* EXERCISE OBJECTIVE:
The task calls for the line containing "ヘコむあだ名 | 『ラクふぇ~』『牛乳』『ラクお』 |" and all later lines, through the end of the entries below, to be set down exactly and without pictures.

* THE DATA:

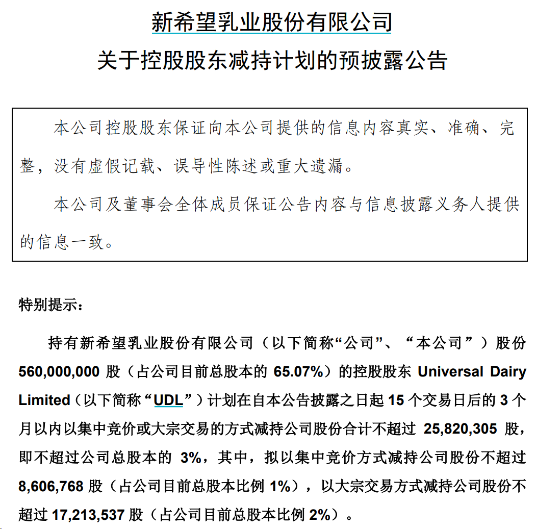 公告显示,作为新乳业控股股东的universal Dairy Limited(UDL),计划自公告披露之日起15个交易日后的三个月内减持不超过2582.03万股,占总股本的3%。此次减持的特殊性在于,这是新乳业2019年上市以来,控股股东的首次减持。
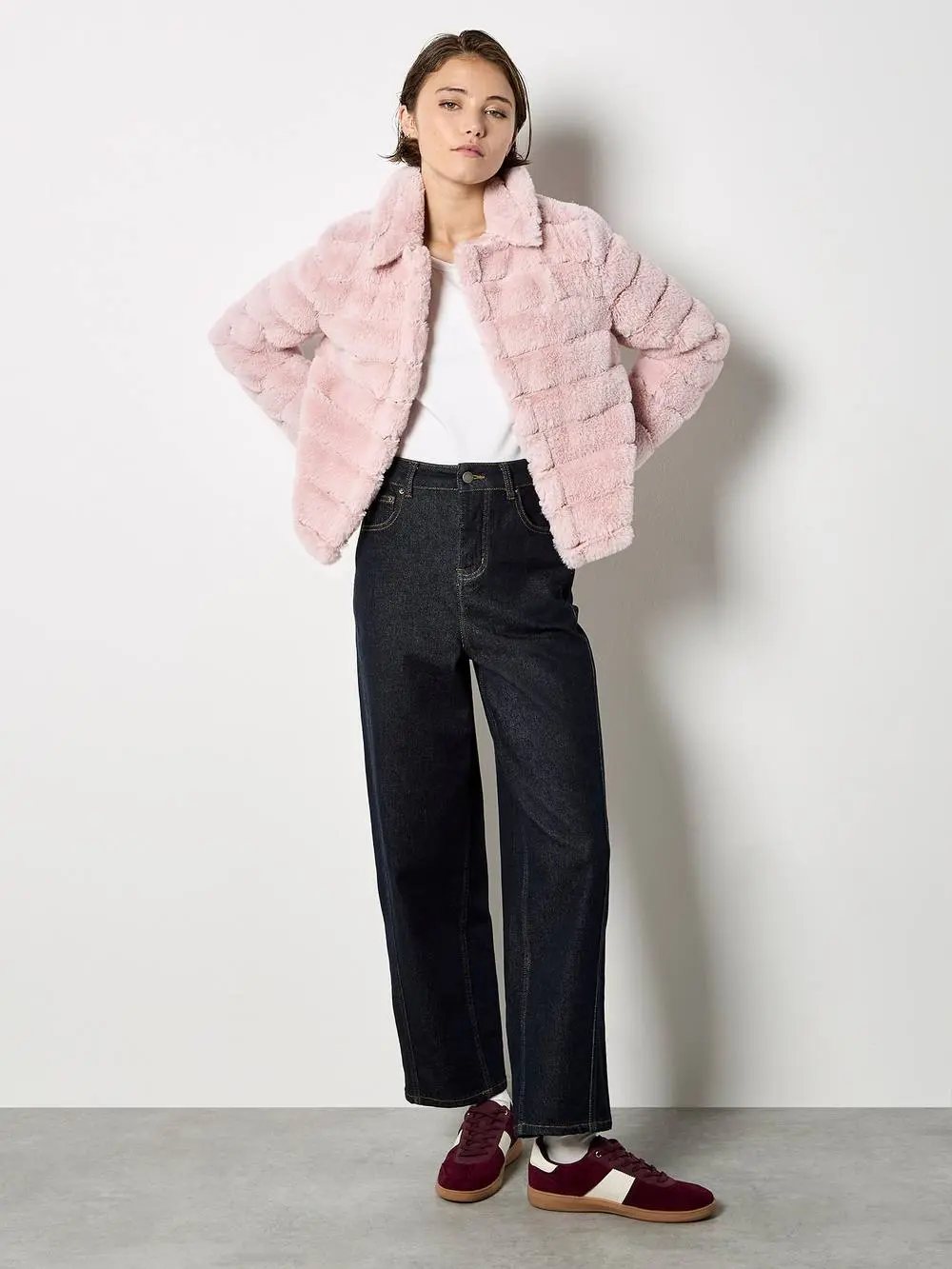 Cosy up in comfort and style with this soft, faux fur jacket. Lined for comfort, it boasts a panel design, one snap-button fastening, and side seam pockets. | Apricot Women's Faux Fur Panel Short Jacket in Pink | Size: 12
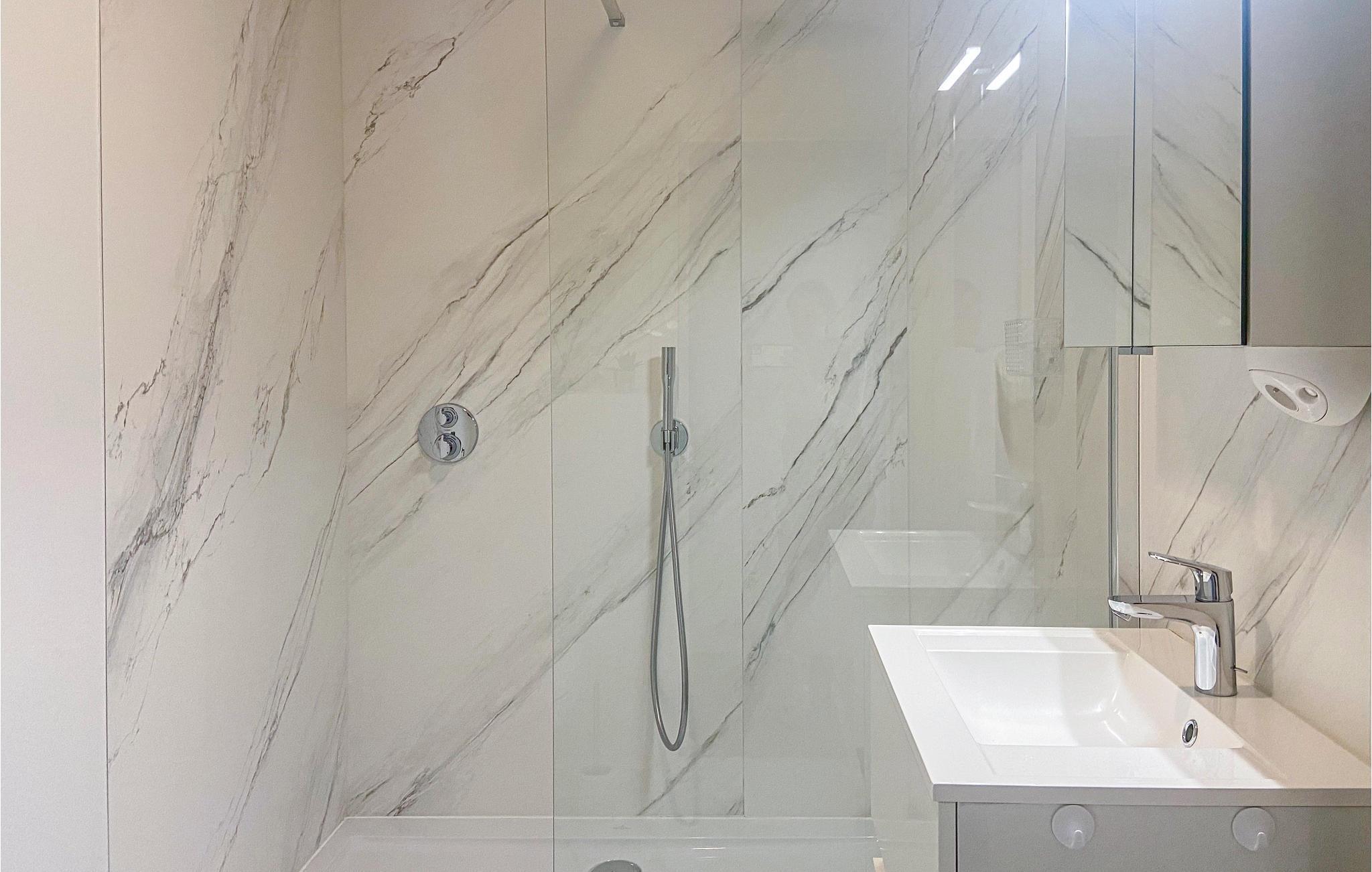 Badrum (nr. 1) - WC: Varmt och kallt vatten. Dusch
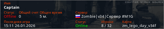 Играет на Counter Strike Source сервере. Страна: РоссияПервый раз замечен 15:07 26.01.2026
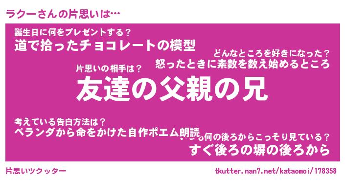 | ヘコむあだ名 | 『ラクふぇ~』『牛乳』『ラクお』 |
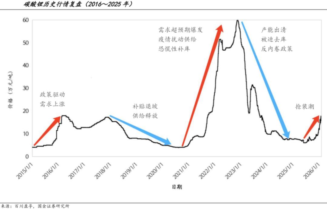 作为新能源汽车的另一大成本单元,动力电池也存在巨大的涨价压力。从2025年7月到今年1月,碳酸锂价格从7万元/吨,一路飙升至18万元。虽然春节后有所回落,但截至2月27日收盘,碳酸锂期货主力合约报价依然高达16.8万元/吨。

* TASK OUTPUT:
 | ヘコむあだ名 | 『ラクふぇ~』『牛乳』『ラクお』 |
 作为新能源汽车的另一大成本单元,动力电池也存在巨大的涨价压力。从2025年7月到今年1月,碳酸锂价格从7万元/吨,一路飙升至18万元。虽然春节后有所回落,但截至2月27日收盘,碳酸锂期货主力合约报价依然高达16.8万元/吨。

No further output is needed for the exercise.